MONTPELIER, Vt. (WCAX) – Vermont Governor Phil Scott announced Tuesday that the state will move to the next vaccination group, over 18 years with underlying conditions, on Thursday, four days earlier than expected. It also hinted at a relaxation of social gathering restrictions and restaurant capacity on Friday.
So far, more than 100,000 Vermont residents have received at least one vaccine. That rapid pace, combined with lower-than-expected turnout for phase 5A, those 55 and older with underlying conditions, led to Tuesday’s decision to expand enrollment. “The high acceptance rate is something we should strive for, so let’s keep checking in when it’s your turn,” he said.

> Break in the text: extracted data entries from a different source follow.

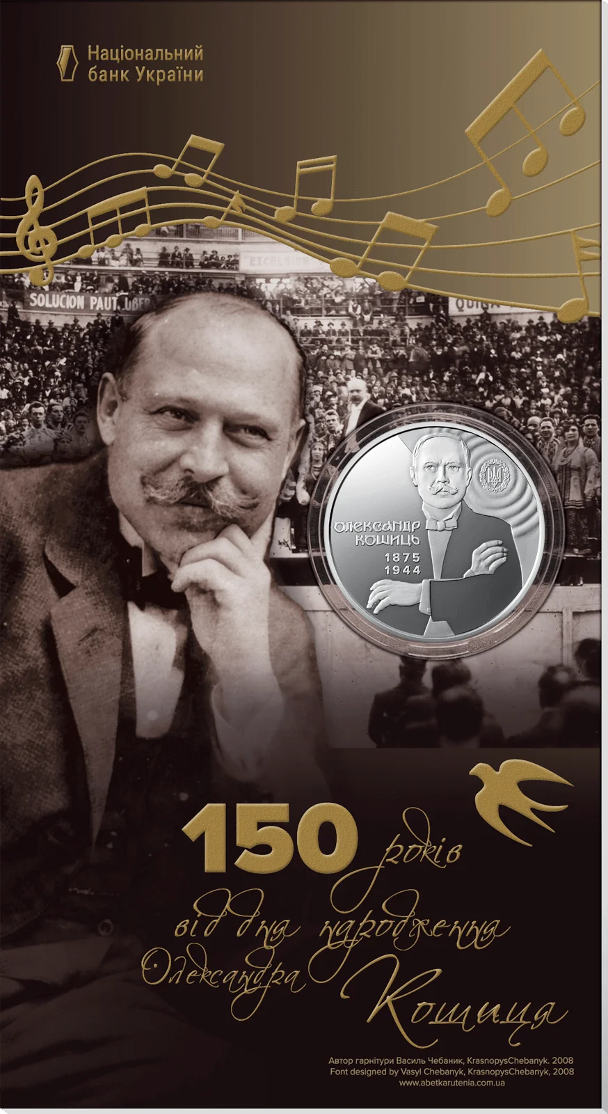 Пам’ятна монета присвячена видатному українському хоровому диригенту, композитору, етнографу та педагогу Олександру Кошицю (1875–1944), який відіграв ключову роль у популяризації української музичної культури на міжнародній арені. Пам’ятна монета вшановує творчу спадщину митця, який на запрошення голови Директорії УНР Симона Петлюри очолив Українську республіканську капелу. Упродовж 1919–1924 років під керівництвом Олександра Кошиця капела здійснила гастрольне турне 17 країнами світу, давши понад 600 концертів. Саме тоді світ уперше почув “Щедрика” Миколи Леонтовича – твір, що згодом став всесвітньо відомим різдвяним хітом “Carol of the Bells”.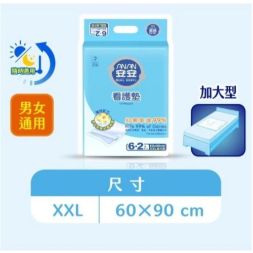 商品名稱:安安 看護墊 超強吸水性高分子吸收體 獨特封閉式設計 XXL(90 x 60cm) 8片/包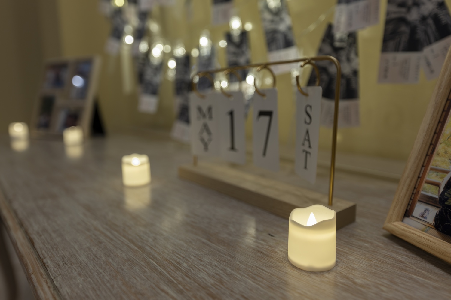 結婚式当日は雨予報でしたが、過ごしやすいお天気でした。お待合スペースには手作りのウェディングツリーや前撮りのお写真を飾っておふたりらしさを演出いたしました。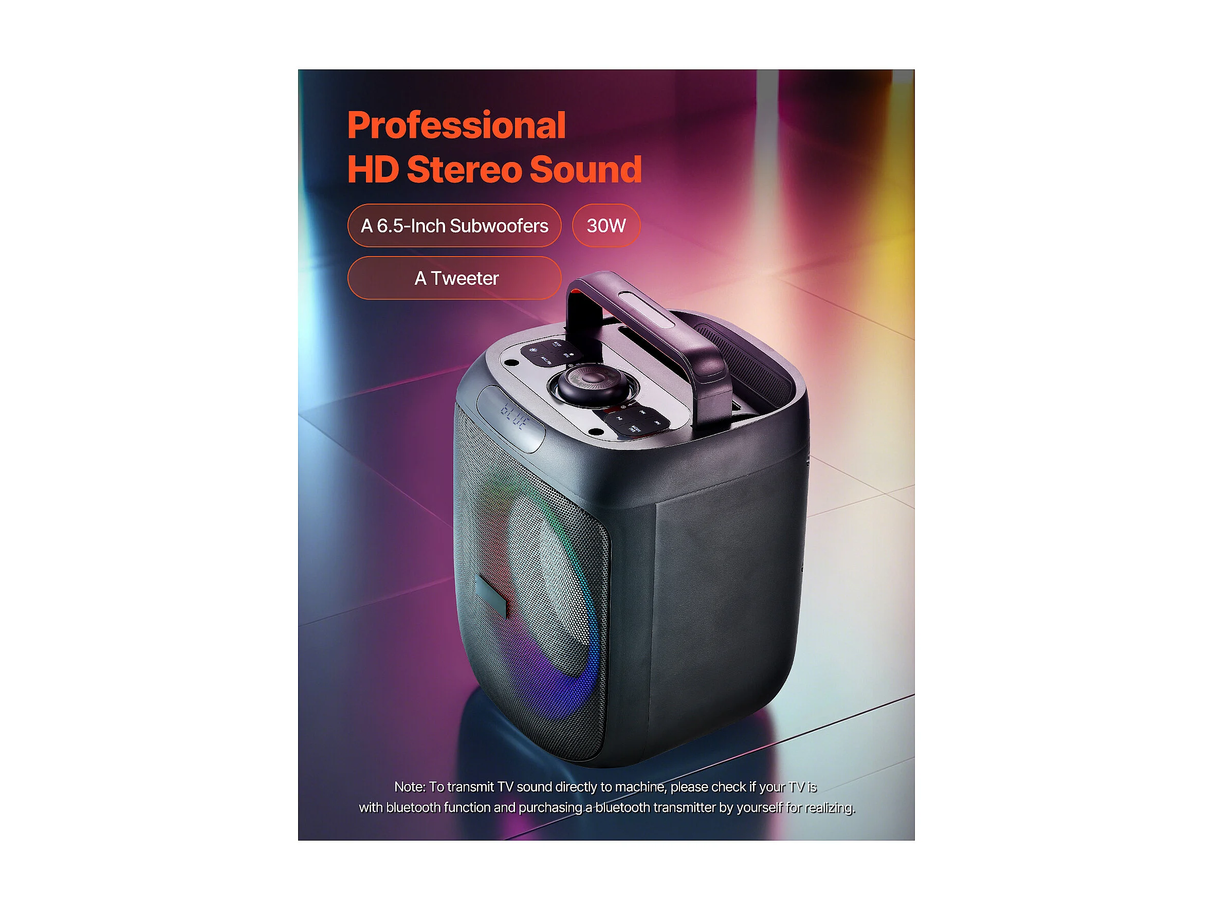 Karaoké pour Adultes SucceBuy, 30 W, Enceinte Bluetooth Portable de 6,5 Pouces avec 2 Microphones Sans Fil, Lumière LED, Fonction TWS, Poignée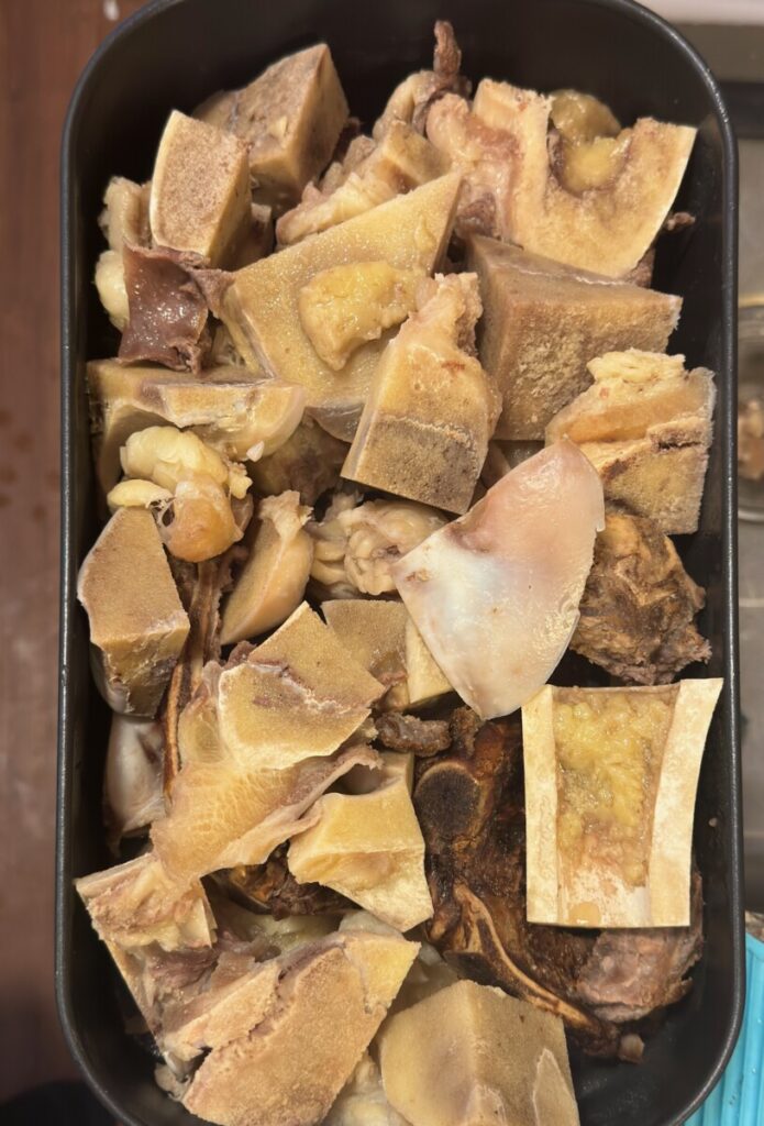 And finally, all the bones are layed out in my Ninja air crisper ready for a twenty-five roast browning before it’s time for the pressure cooker.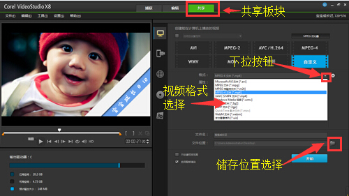 替换全部完成后,点击界面最上部的“共享”,然后选择“自定义”,然后点击格式下拉按钮,选择需要的格式,点击文件位置后的图标,选择文件保存的位置,点击确定,等待渲染完成即可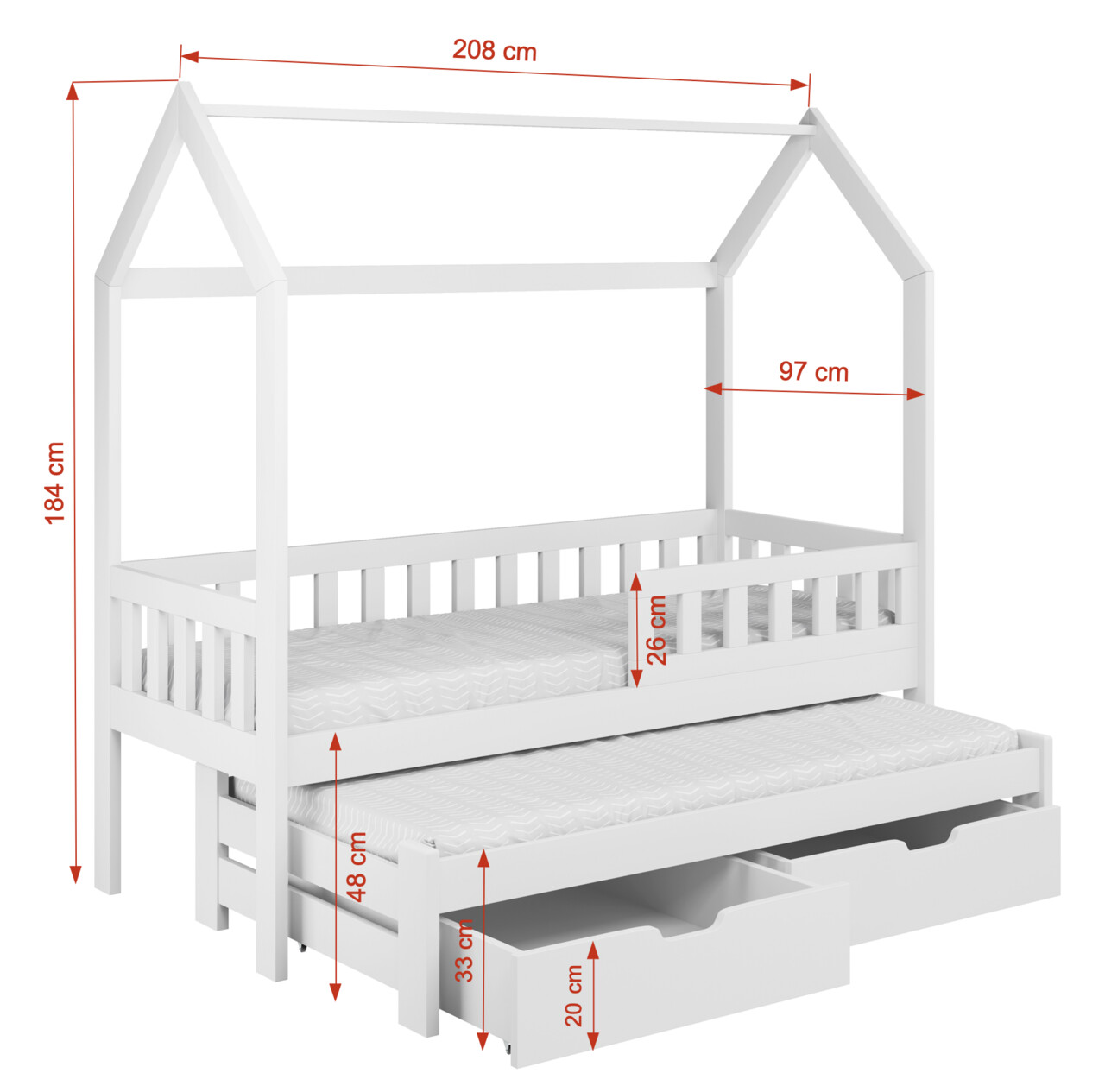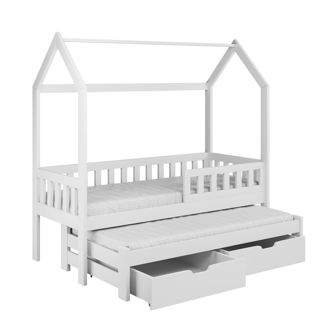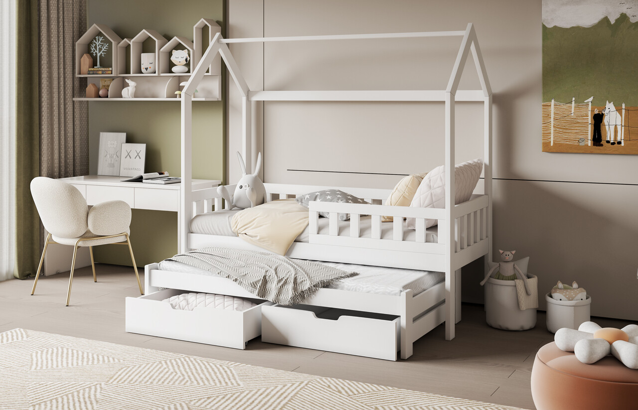 Pat etajat pentru camera copilului Tymon, Meblobed, 90x200 cm, cu doua sertare, lemn de pin, alb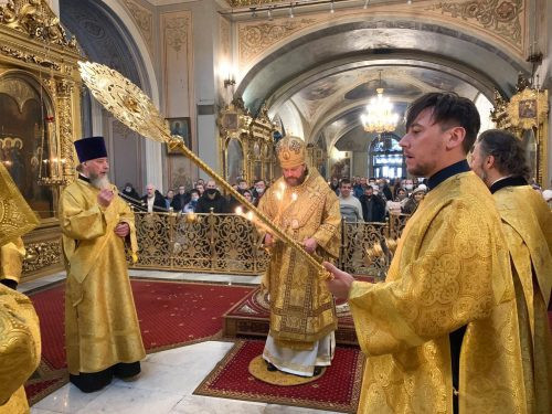 В Неделю сыропустную епископ Павлово-Посадский Фома совершил Литургию в Богоявленском соборе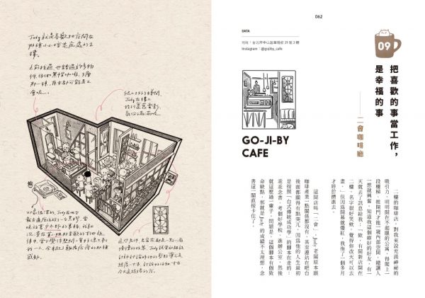 這次挑選了38間Ker Ker心中的寶藏店,可能不是最新、最好拍或最有話題,多半是一人店,或由情侶夫妻一起經營的獨立小店。第一手採訪老闆們的創業血淚,浪漫與現實交織的真心話,對於咖啡、空間及經營的想法。佐以精細的手繪透視插圖和氛圍感滿滿的照片,為每間咖啡店留下各種可愛的空間細節。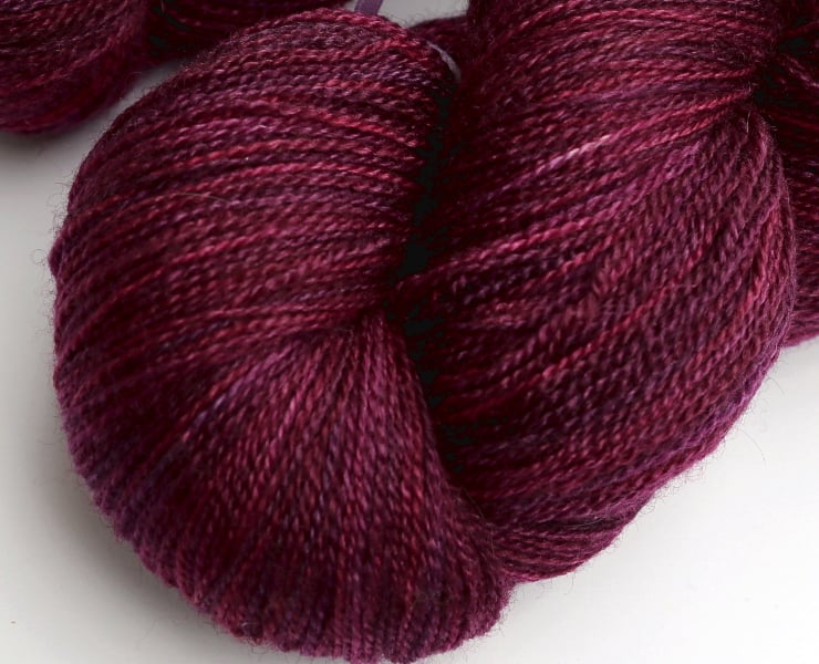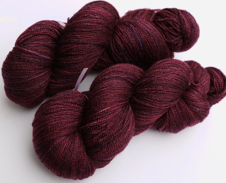 Deep semi-solid wine reds with purple hints. This lustrous, lofty, silky-soft yarn should make beautiful lace projects. There are two skeins available (price shown is for one). Photographs have been taken and edited in bright natural light.

Starting Thursday, Vermonters 16 and older with underlying health problems can sign up for their vaccination. AHS Secretary Mike Smith says fewer than 10,000 people signed up for group 5A as of Monday, although it is not yet clear why. “A lot of these people are working, so that may be some of the problems. So we want to make sure we give it a little more time, ”he said.
At some point, the state wants to put in place a system where people can choose which COVID-19 vaccine to receive, but the governor says that can’t happen without more supply from the federal government.
Health Commissioner Dr. Mark Levine says the state continues to work to reach Black, Native American and people of color in Vermont who are most likely to contract COVID-19. Although they represent six percent of the population, they are 18% of COVID cases. Levine says that people in multigenerational households who meet the vaccine requirement will be able to bring other people into their home who are not part of the state’s traditional vaccination schedule. The state is already doing this with the English learner community. Levine says the state wants to build trust with these communities and reduce doubts about vaccines.
“Our goal of achieving community immunity and protecting all Vermont residents can only be achieved if we can lower barriers and make vaccination equitably accessible to all groups of Vermont residents,” said Levine.
The governor says he wants to return to the state’s age-band approach in the coming days. Your team will post a detailed vaccination schedule outlining when everyone can get the vaccine in the next few weeks.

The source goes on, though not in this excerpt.